## [WHAT THIS TASK INVOLVES]
Take the listing below and print exactly the lines starting at the line containing "Der Tag klang" and ending at the line containing "Introducing the highly", both ends included, and no others.

## [DATASET CONTENT]

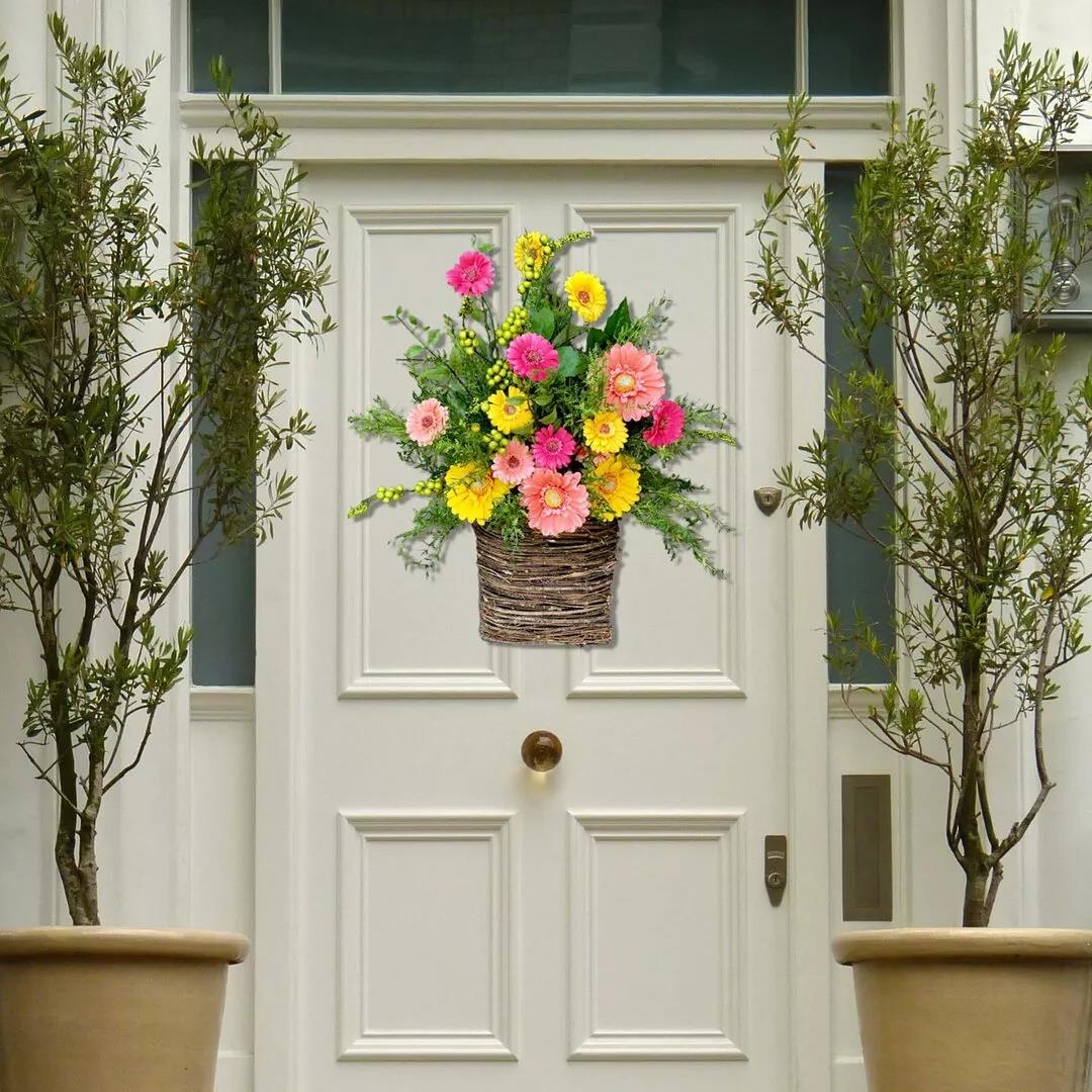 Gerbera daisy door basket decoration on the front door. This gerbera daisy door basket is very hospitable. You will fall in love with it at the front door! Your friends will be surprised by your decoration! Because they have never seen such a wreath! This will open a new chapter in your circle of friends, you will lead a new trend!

* * *

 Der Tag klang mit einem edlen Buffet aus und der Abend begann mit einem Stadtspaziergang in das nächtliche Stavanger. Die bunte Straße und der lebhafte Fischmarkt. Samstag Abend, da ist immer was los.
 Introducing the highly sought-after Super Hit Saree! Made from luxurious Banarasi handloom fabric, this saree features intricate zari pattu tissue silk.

## [YOUR RESPONSE]
 Der Tag klang mit einem edlen Buffet aus und der Abend begann mit einem Stadtspaziergang in das nächtliche Stavanger. Die bunte Straße und der lebhafte Fischmarkt. Samstag Abend, da ist immer was los.
 Introducing the highly sought-after Super Hit Saree! Made from luxurious Banarasi handloom fabric, this saree features intricate zari pattu tissue silk.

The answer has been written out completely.